Traceroute: an X-ray of the network path
While Ping answers the question "is the host reachable?", Traceroute answers "what path do packets take to reach it?". It shows every router (hop) between the source and the destination, with the corresponding IP address, hostname, and response time. This hop-by-hop visibility is essential for diagnosing routing problems, identifying bottlenecks, and pinpointing the exact location where packet loss or abnormal latency occurs.
Traceroute works by exploiting the TTL (Time To Live) field of the IP header. It sends packets with increasing TTL values starting from 1: the first router decrements the TTL to 0 and responds with an ICMP Time Exceeded message, revealing its address. The second packet has TTL 2 and is decremented to 0 by the second router, and so on. By repeating the process with incremental TTL values, the entire path to the destination is mapped.
Reading the traceroute
Each line shows: the hop number, the router hostname and IP, and the response time.

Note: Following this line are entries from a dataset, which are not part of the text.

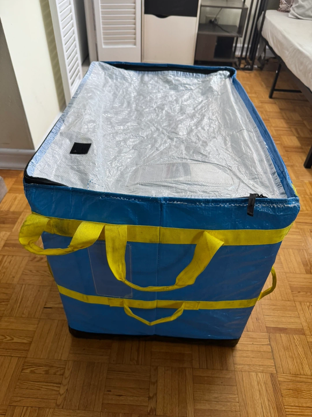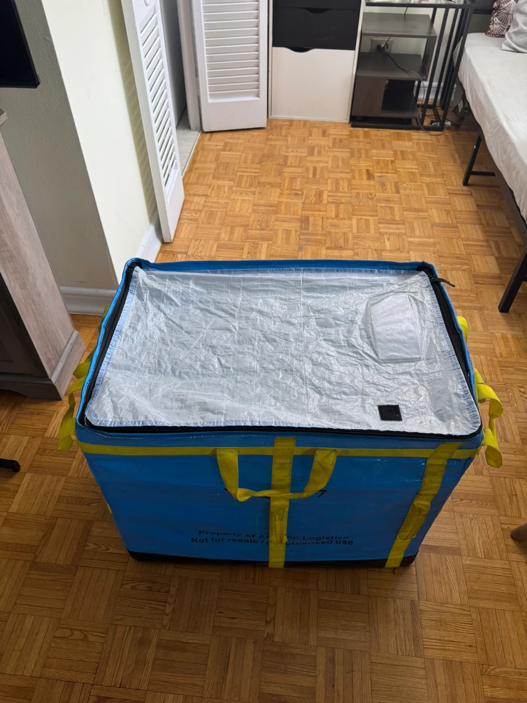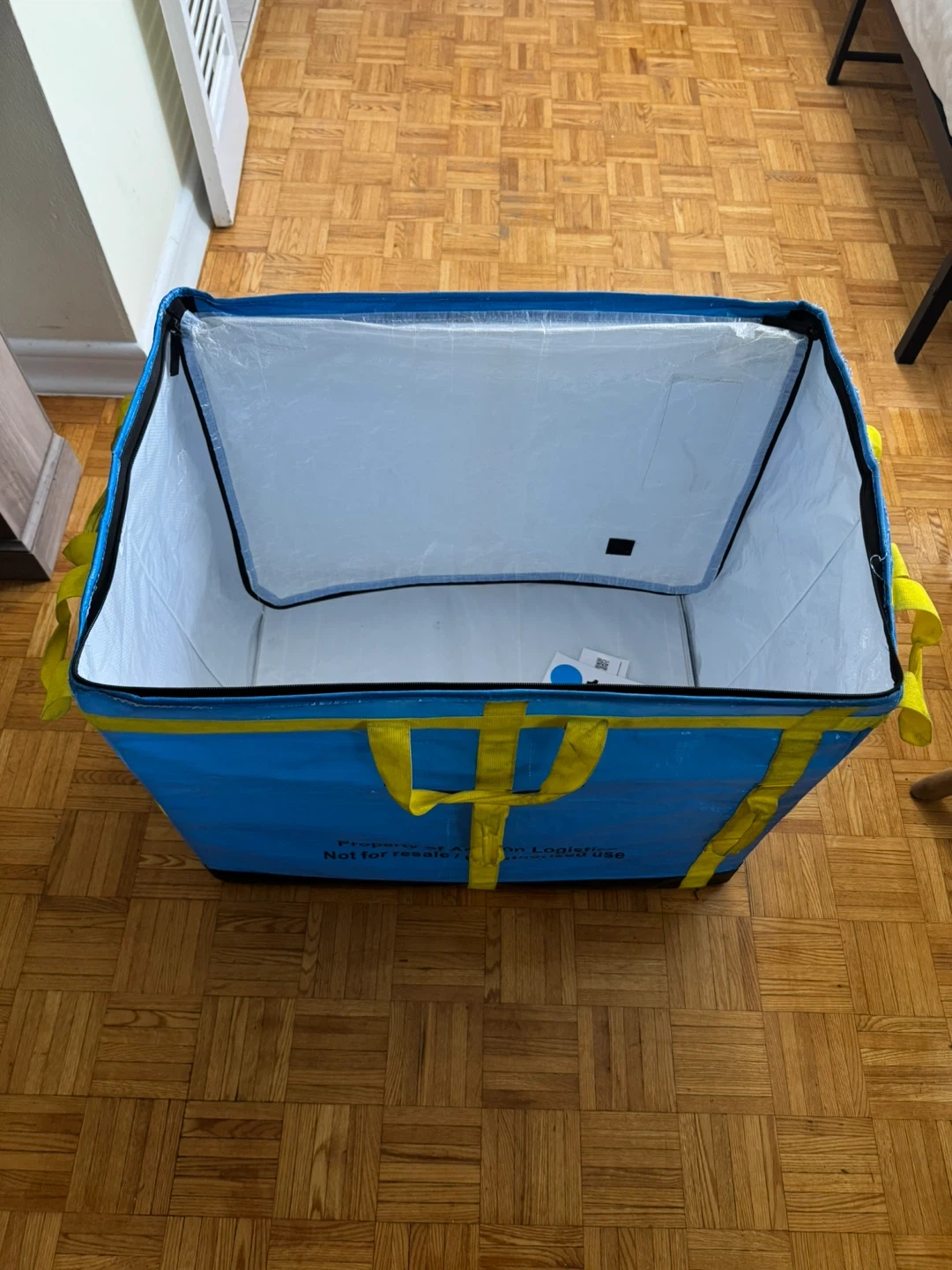 173Selling a reusable box from Amazon Logistics! It's in great condition and ready for your next move or storage needs. The box is blue with yellow straps.
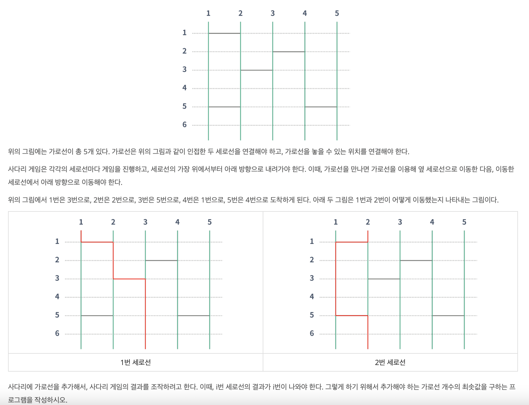 i 번 세로선의 사다리 게임 결과가 i가 되게 하기 위해 최대 3개의 가로선을 추가할 수 있다고 할 때 백트래킹을 이용하여 모든 경우를 완전탐색하는 문제이다.
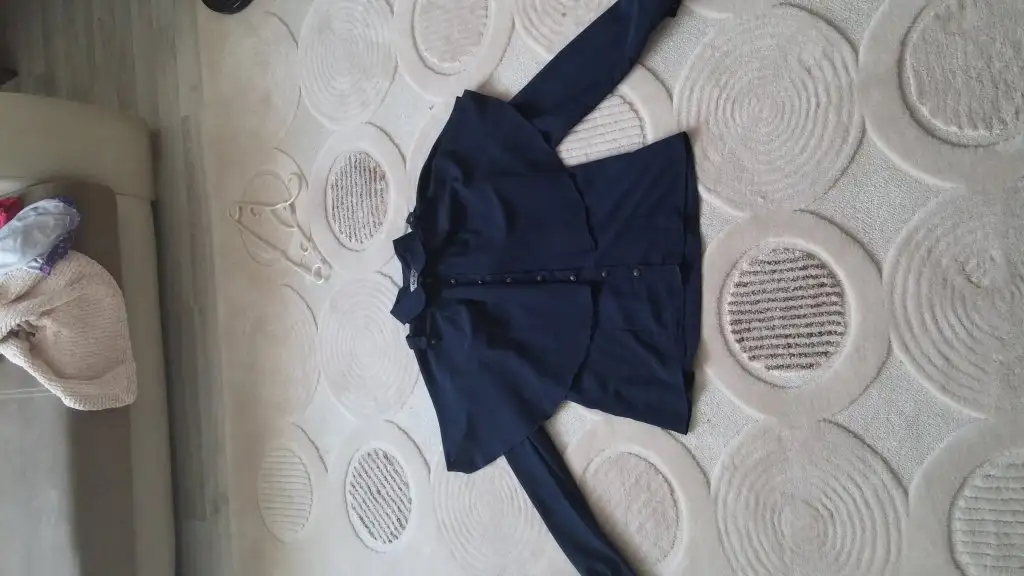 38 beden lacivert pelerin detaylı(pelerinin yakada düğmesi var.istenirse pelerinsizde kullanılabilir) krep gömlek.fiyat:30 kullanım:2 kez
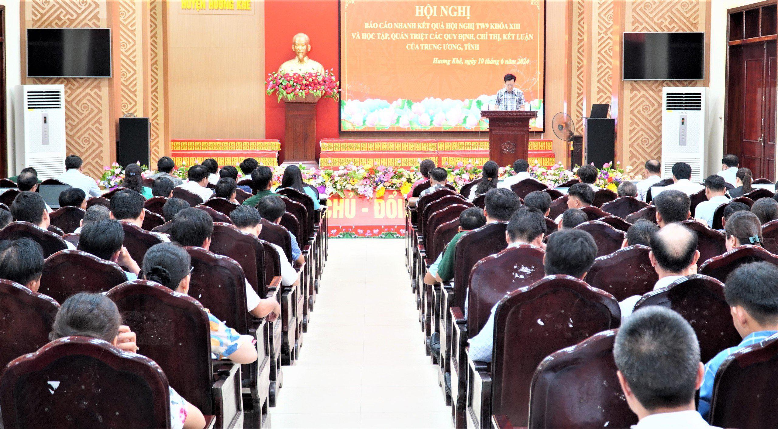 Huyện ủy Hương Khê tổ chức Hội nghị báo cáo nhanh kết quả Hội nghị Trung ương 9 khóa XIII và học tập, quán triệt, triển khai thực hiện các chỉ thị, quy định, kết luận của Trung ương, của tỉnh
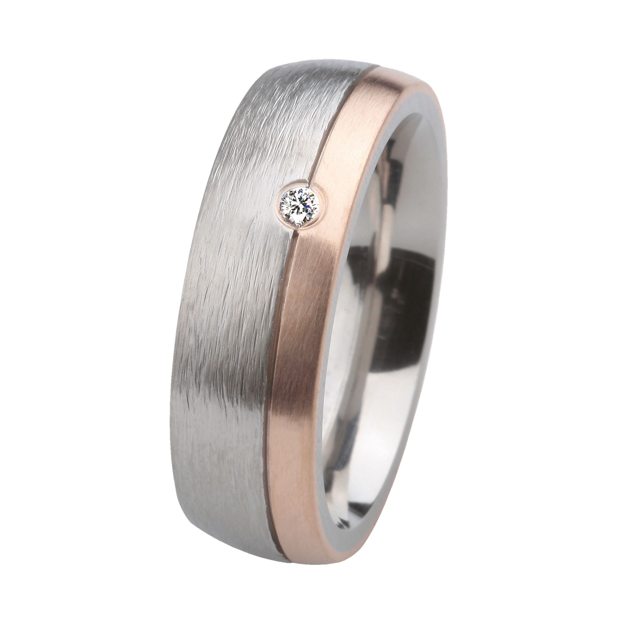 Dieser Ring aus hochwertigem Edelstahl mit 585er-Roségold wurde in eigener Manufaktur hergestellt und ist mit viel Herzblut gefertigt worden. Die elegante, geschliffene Oberfläche in Kombination mit dem Roségold, verleiht dem kostbaren Brillanten eine einzigartige Ausstrahlung.
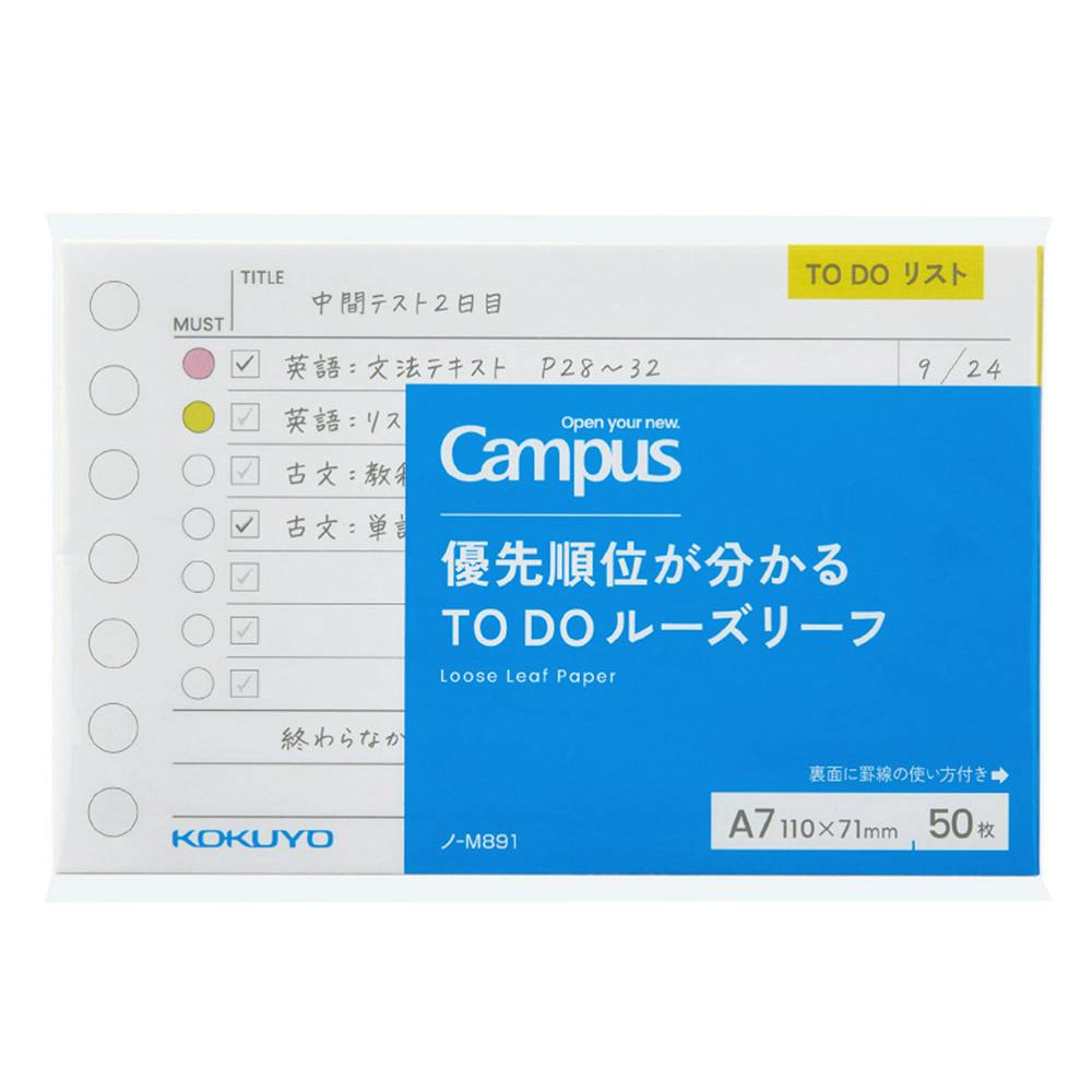 コクヨ キャンパス 優先順位が分かるTODOルーズリーフ A7サイズ ノーM891

Asterisks (* * *) indicate a router that does not respond to traceroute packets — not necessarily a problem, as many enterprise routers block ICMP by policy. The most important aspect is the latency delta between consecutive hops: a jump from 15ms (hop 4) to 18ms (hop 6) is normal, but a jump from 15ms to 150ms would indicate a bottleneck in that segment.
Diagnosing problems with traceroute
A sudden increase in latency between two hops indicates the problematic segment. If the increase is at the last hop, the problem is likely on the destination server. If it is in the first few hops, the issue is in your local network or your ISP. If a hop shows packet loss (some attempts with * and others with a response), that router is congested. Use ASN Lookup to identify which provider owns the problematic router, and Ping to confirm the latency with prolonged tests.
For a complete analysis of the network path, combine traceroute with IP Geolocation to geographically visualize the hops and identify suboptimal routing paths. A traceroute from Milan that goes first to London, then to New York, and then back to Frankfurt to reach a server in Germany clearly indicates a routing problem that your ISP or hosting provider should correct.
A special case is a traceroute that reaches a certain point and then stops with an infinite sequence of asterisks: this can indicate a firewall completely blocking traffic, a routing loop, or an ACL (Access Control List) that drops packets with expired TTL. In these cases, try traceroute variants with different protocols: TCP on port 80 often works where ICMP is blocked, because firewalls rarely block web traffic.